One of the commonly promoted advantages of the LCHF diet is the potential for lower racing body mass, but the extent to which loss in body mass after LCHF diet aids performance is unclear. LCHF diet requires near complete restriction of HC low-nutrient dense food items such as sodas and sweets, and there is evidence that LCHF diet may alter hunger sensation (21). A combination of removal of low nutrient density foods, particularly calories from beverages, and possibly a reduction in hunger sensation resulted in a nearly 33% decrease in caloric intake after LCHF diet. Improvement in caloric intake and expenditure balance could be even more critical to improving performance for nonelite athletes because of the higher body fat percentages exhibited in recreationally competitive runners. However, nearly all previous LCHF diet studies with elite athletes have standardized caloric intake (5–9,11) or included an HC refeeding period, which will result in a quick increase in body mass (8,9), diminishing potential improvement in overground running performance because of body mass losses. Evidence concerning the relationship of decrease in non-lean body mass and racing performance is made further unclear as nearly all LCHF diet studies have been conducted on stationary cycle ergometers (4,5,8–10). Stationary cycle ergometers negate any potential performance advantages associated with improved running economy via decreased body mass.
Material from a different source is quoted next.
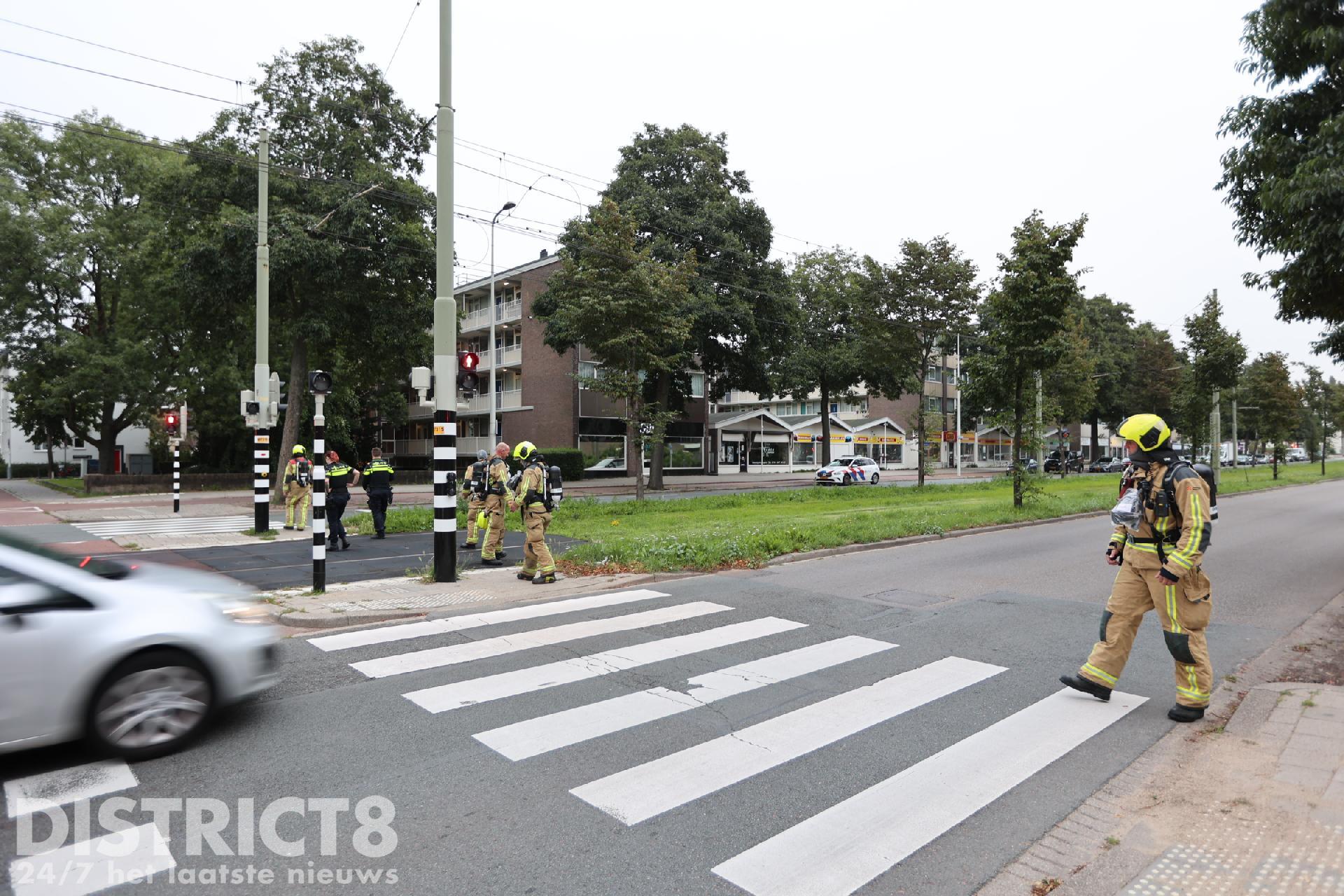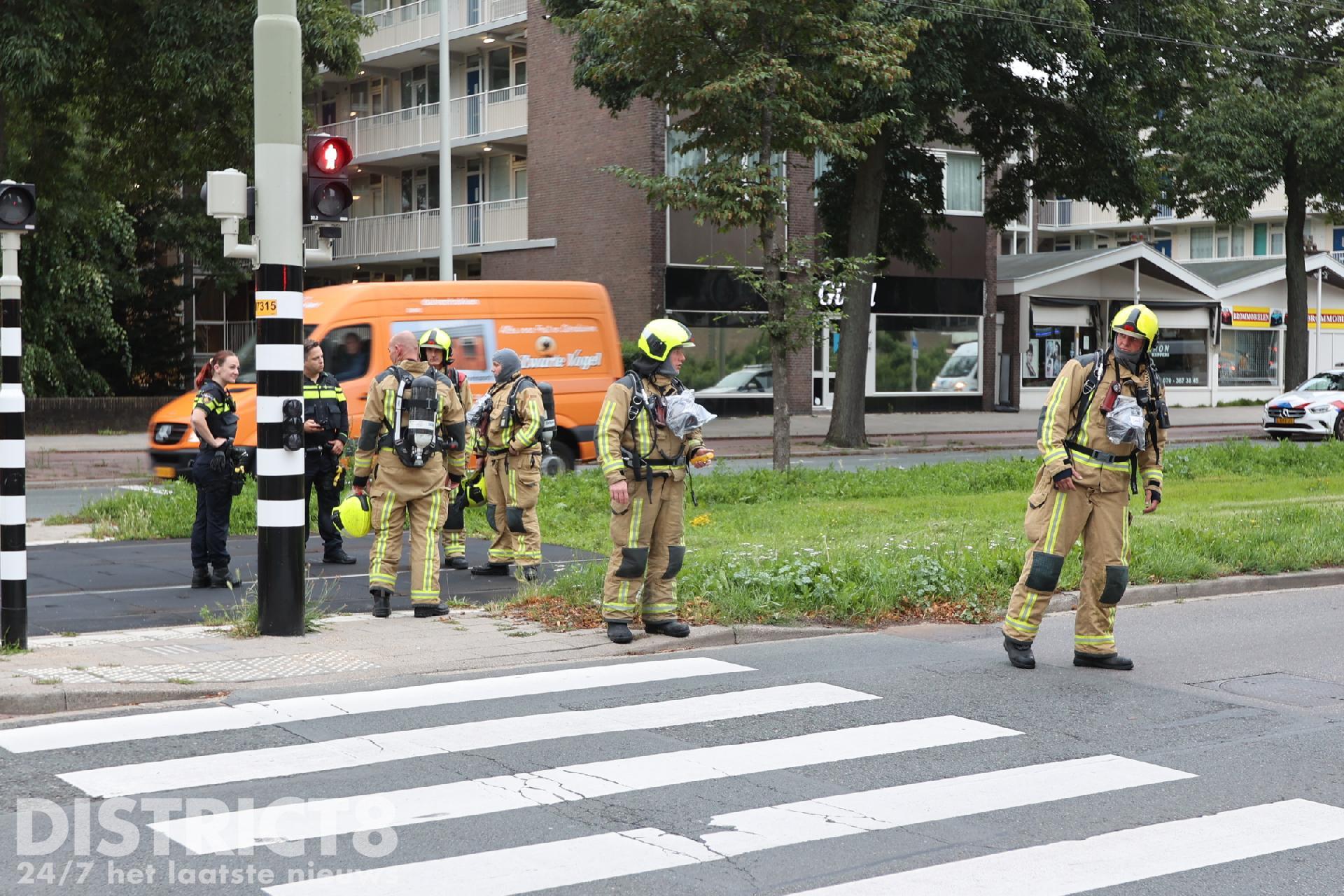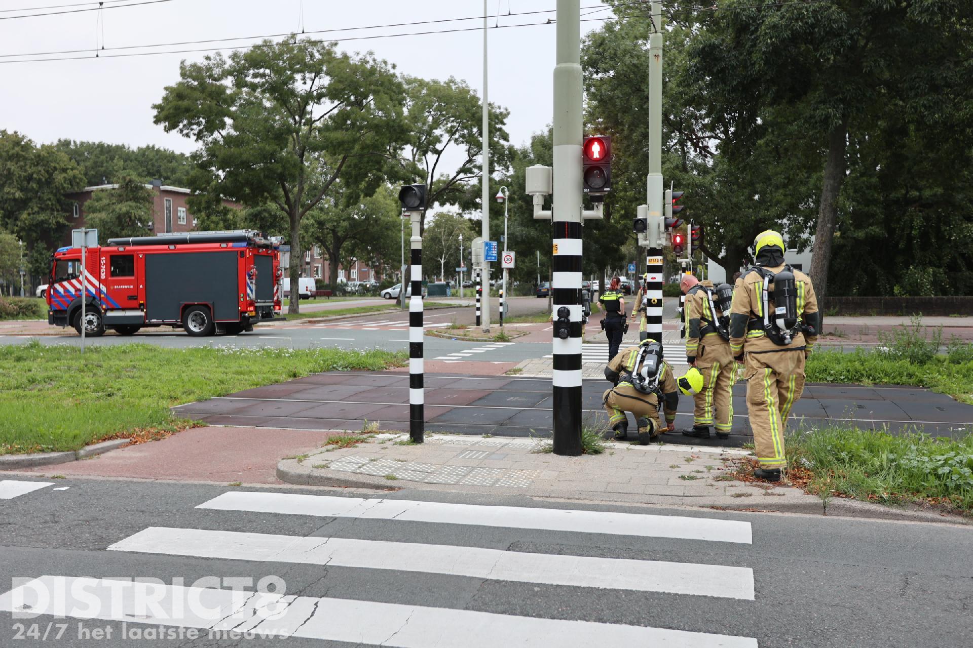 Op de kruising werd een sterke gaslucht waargenomen. Daarop is besloten tramlijn 16 van HTM tijdelijk om te laten rijden.

In the current study, when no attempt was made to control caloric intake, mean body mass loss during LFHC equaled 2.1 kg (2.6% body mass) and 2.7 kg (3.4% body mass) in comparison with HC before the exercise session and subsequent morning recovery session, respectively (Table 1). These findings are supportive of Zajac et al. (7) and Klement et al. (22), who reported losses of ~2.3% and 3% of body mass, respectively, in a variety of physically active adults after 4–7 wk of LCHF diet with ad libitum food consumption. Determining whether body mass loss is derived from decrease in fat mass, glycogen mass, or retained fluid is difficult. Dual x-ray absorptiometry estimation of lean body mass is greatly skewed by hydration status (23) and carbohydrate intake (24). Body composition assessment from BIA (used by Zajac et al. (7), Klement et al. (22) and the current study) is even further distorted as outcomes are determined by water-dependent electrical current conduction resistance. Findings of Webster et al. (25) suggest that glycogen storage in endurance athletes undergoing prolonged LCHF diet reduce glycogen storage by close to 50%. From this basis, it is difficult to not assume that at least some of the loss in body mass was due to a decreased retention in TBW and is somewhat supported by BIA of TBW during recovery. Using BIA, Zajac et al. (7) and Klement et al. (22) both found similar decreases in body fat percentage as the current study (Table 1), but the discrepancies of body fat percentage within a single day in the current study cast doubt on the validity of these findings. However, based on the decreased thickness of skinfold measurements and substantial reduction in daily calories, it is also difficult to not attribute some of the loss in body mass to decreased fat mass. When viewed in combination, these three investigations of physically active adults support that an estimated mean loss in body mass of ≥2.5% at least partially attributed to fat loss can be expected in regularly physically active adults after LCHF diet.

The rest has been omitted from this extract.